- Born: 24 February 1934 Shanghai, China
- Died: 12 November 2023 (aged 89) Dalian, Liaoning, China
- Education: Tongji University
- Scientific career
- Fields: Engineering Mechanics Computational Mechanics
- Workplaces: Dalian University of Technology

Chinese name
- Simplified Chinese: 钟万勰
- Traditional Chinese: 鐘萬勰

Standard Mandarin
- Hanyu Pinyin: Zhōng Wànxié

= Zhong Wanxie =

Chinese civil engineer and physicist (1934–2023)

Zhong Wanxie (钟万勰; 24 February 1934 – 12 November 2023), also known as Wan-Xie Zhong, was a Chinese civil engineer and physicist. He was a professor at the Dalian University of Technology who specializes in computational mechanics and engineering mechanics.
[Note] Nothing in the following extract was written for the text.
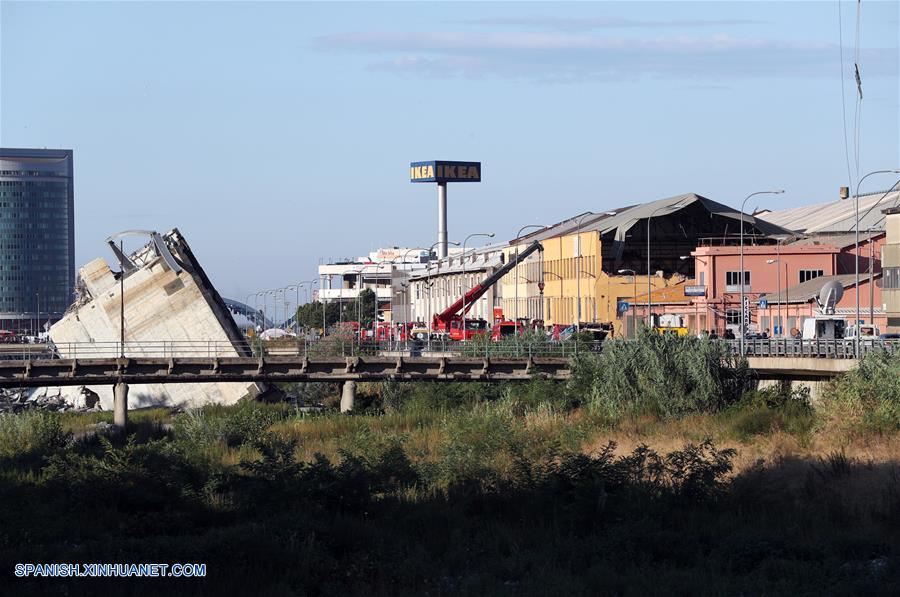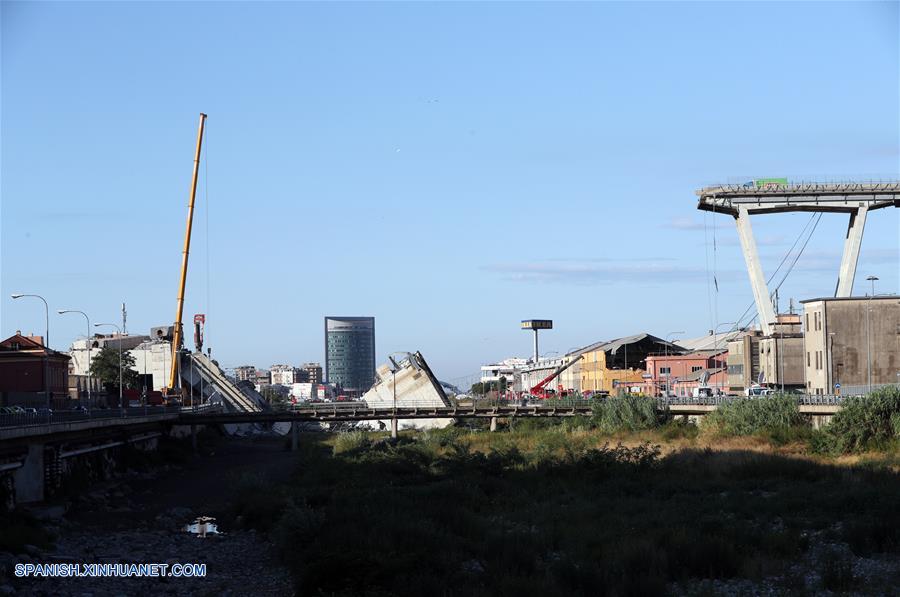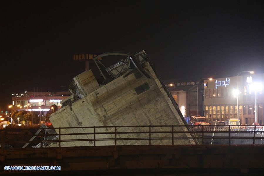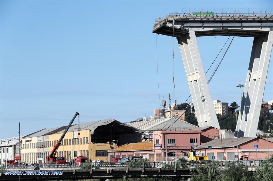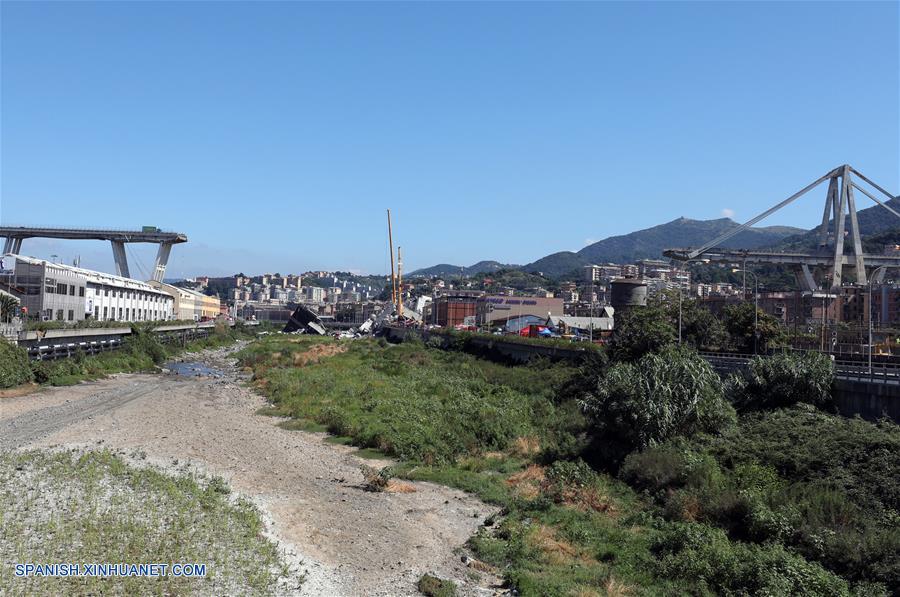 GENOVA, agosto 15, 2018 (Xinhua) -- Vista del sitio donde un puente colapsó, en Génova, en el noroeste de Italia, el 15 de agosto de 2018. (Xinhua/Zheng Huansong)

He pioneered computational mechanics in China and served as the founding Chairman of the Chinese Association for Computational Mechanics and an executive committee member of the International Association for Computational Mechanics. He was elected an academician of the Chinese Academy of Sciences in 1993.

== Biography ==
Zhong Wanxie was born on 24 February 1934 in Shanghai, Republic of China. His father, Zhong Zhaolin (钟兆琳), was a distinguished professor of electrical engineering at Shanghai Jiao Tong University. After graduating from Tongji University in 1956, he entered the Institute of Mechanics of the Chinese Academy of Sciences and studied under Qian Weichang and Hu Haichang. From 1958, he taught mechanics at the University of Science and Technology of China.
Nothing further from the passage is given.